# \*\*context

***

Think of the **Context Dictionary as Airflow's "Shared Brain."** At every moment a task is running, Airflow creates a massive Python dictionary that contains every possible detail about the current run: what time it is, which task is running, where the files are, and what happened in the past.

***

#### What is actually inside it?

If you were to print the `context`, you would see dozens of keys. Here are the "VIPs" you actually care about:

| **Key**                   | **Description**                                                         |
| ------------------------- | ----------------------------------------------------------------------- |
| `ds`                      | The datestamp (e.g., `2026-02-05`).                                     |
| `logical_date`            | The full Pendulum object for the start of the interval.                 |
| `dag_run`                 | The actual object representing this specific execution.                 |
| `task_instance` (or `ti`) | The object representing the specific task's attempt.                    |
| `params`                  | Any custom parameters you passed manually to the DAG.                   |
| `triggering_asset_events` | (Airflow 3 exclusive) The metadata from assets that triggered this run. |

***

#### How to "Summon" the Context (Airflow 3.x)
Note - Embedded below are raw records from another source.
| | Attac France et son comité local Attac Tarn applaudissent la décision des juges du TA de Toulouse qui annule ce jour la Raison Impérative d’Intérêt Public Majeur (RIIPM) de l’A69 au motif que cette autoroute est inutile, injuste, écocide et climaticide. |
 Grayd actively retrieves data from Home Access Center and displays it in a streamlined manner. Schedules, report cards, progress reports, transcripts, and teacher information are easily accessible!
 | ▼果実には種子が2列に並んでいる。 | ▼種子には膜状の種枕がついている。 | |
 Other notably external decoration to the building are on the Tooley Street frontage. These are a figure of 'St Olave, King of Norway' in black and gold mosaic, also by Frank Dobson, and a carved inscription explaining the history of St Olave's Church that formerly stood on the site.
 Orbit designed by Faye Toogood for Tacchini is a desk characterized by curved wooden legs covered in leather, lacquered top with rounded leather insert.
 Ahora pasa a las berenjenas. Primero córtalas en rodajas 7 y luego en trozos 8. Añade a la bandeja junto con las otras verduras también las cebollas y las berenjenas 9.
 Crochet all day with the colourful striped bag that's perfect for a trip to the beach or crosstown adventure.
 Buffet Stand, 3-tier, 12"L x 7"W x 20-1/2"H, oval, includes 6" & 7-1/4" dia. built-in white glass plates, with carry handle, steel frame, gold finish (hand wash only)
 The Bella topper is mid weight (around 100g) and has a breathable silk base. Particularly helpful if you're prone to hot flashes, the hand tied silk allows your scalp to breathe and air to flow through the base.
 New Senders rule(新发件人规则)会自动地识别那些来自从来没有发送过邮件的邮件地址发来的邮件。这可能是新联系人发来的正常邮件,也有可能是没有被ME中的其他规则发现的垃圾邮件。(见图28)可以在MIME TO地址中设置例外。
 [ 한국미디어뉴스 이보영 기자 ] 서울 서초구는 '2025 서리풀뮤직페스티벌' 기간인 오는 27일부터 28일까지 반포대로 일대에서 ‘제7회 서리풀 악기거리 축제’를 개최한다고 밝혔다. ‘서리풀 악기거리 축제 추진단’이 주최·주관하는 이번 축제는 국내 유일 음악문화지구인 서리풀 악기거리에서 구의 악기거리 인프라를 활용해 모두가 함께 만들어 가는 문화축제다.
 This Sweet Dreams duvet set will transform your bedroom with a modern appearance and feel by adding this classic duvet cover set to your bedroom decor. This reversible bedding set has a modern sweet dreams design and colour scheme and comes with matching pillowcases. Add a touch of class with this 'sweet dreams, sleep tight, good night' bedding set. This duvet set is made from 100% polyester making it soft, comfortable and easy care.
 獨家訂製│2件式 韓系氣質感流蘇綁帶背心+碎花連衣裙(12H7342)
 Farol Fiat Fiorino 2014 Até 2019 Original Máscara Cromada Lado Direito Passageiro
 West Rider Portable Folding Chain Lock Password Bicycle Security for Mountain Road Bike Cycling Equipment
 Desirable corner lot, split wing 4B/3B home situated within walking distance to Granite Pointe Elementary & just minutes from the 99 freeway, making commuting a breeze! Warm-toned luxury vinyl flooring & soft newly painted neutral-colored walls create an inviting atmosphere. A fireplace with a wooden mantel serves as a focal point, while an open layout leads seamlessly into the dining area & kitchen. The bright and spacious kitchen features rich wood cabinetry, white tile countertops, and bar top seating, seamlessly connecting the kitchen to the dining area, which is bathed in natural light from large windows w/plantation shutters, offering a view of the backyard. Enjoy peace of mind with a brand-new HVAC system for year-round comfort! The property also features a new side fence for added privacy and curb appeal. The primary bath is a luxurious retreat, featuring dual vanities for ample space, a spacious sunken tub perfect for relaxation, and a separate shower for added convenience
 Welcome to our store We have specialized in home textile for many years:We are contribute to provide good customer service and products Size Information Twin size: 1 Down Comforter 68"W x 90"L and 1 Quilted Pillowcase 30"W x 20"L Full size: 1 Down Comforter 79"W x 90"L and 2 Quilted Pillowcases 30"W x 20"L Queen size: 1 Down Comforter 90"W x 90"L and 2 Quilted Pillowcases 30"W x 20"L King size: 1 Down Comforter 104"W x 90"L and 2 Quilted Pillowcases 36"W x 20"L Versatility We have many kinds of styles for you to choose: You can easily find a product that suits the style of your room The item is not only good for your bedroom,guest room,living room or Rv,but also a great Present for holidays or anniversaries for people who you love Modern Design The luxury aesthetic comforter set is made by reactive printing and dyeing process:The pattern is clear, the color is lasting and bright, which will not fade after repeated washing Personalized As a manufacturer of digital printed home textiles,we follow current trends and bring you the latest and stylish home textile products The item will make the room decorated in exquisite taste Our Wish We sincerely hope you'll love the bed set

In Airflow 3, there are three main ways to get this information.

**Method A: The "Explicit" Way (Recommended for `@task`)**

Airflow supports **Function Argument Injection**. You don't have to take the whole dictionary; you can just ask for the specific keys you want.

```python
@task
def my_python_task(ds, logical_date, ti):
    # Airflow sees the names 'ds' and 'ti' and injects them automatically
    print(f"Running for date: {ds}")
    print(f"This is attempt number: {ti.try_number}")
```

**Method B: The "Catch-All" Way (`**context`)**

Use this if you are writing a complex helper function and you aren't sure exactly which variables you'll need yet.

```python
@task
def complex_task(**context):
    # You reach into the 'brain' manually
    date = context['ds']
    dag_id = context['dag'].dag_id
    print(f"DAG {dag_id} is running for {date}")
```

**Method C: The "Template" Way (Jinja)**

This is what you use inside **Operators** like `BashOperator` or `PythonOperator` arguments. You don't write Python code here; you use the double curly braces.

```python
fetch_task = BashOperator(
    task_id="fetch",
    bash_command="echo 'The date is {{ ds }}'" # Airflow swaps {{ ds }} for the value in context
)
```

***

#### When should you use it?

You should reach for the context whenever your code needs to be **Dynamic** instead of **Hardcoded**.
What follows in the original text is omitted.